Objectives/hypothesis: Cyclin D1, a cell cycle regulator localized to chromosome 11q13, is amplified in several human tumors including head and neck squamous cell carcinoma (HNSCC). Amplification and/or overexpression of cyclin D1 have been correlated to a poor prognosis. Deletion of the p16 gene, localized to 9p21, has also been observed in a significant proportion of HNSCC. The p16 gene regulates cyclin D1-CDK4 activity and prevents retinoblastoma tumor suppressor gene phosphorylation, thereby downregulating cellular proliferation. Detection of cyclin D1 amplification and p16 deletion using a simple and sensitive method will be valuable for the development of effective treatment modalities for head and neck cancer.
Study design: We have used fluorescence in situ hybridization (FISH) to study cyclin D1 amplification and p16 gene deletion in head and neck tumors. Both single- and dual-color FISH were performed.
Methods: Paraffin-embedded tissues from 103 patients with HNSCC were analyzed using genomic DNA probes for cyclin D1 and p16. Dual-color FISH was performed with chromosome 11 or 9 centromeric probes as a control. Twenty-eight of these samples were analyzed for p16 expression by immunohistochemistry.

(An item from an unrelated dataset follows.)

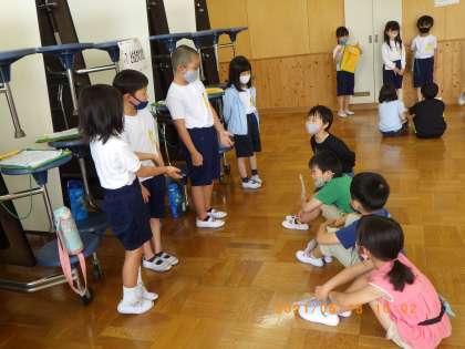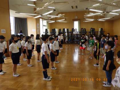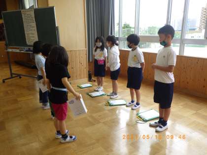 5月18日(火)の2時間目に、ランチルームにて1年1組と2年1組の交流会を行いました。生活科の学習で、2年生が1年生に挙母小学校の生活で大切なことを説明しました。1年生の前で緊張しながらも顔を見て話すことができできました。シールをプレゼントしてあげました。

Results: Cyclin D1 amplification was observed in 30% (31/103) of patients, and p16 deletion in 52% (54/103). Lack of p16 expression was observed in 64% (18/28) of patients. There was a good correlation between the deletion of p16 sequences and the loss of p16 expression (P = .008). Amplification of cyclin D1 had a statistically significant association with recurrence, distant metastasis, and survival at 36 months. There was a significant association between p16 deletion and the development of distant metastases. Cyclin D1 amplification and p16 deletion together correlated with recurrence, distant metastasis, and survival.
Conclusions: We demonstrate that FISH is a simple and sensitive method for detecting cyclin D1 amplification and p16 deletion in head and neck cancer. Our results suggest that these two genetic aberrations together portend a poorer outcome than either of the abnormalities alone in head and neck cancer.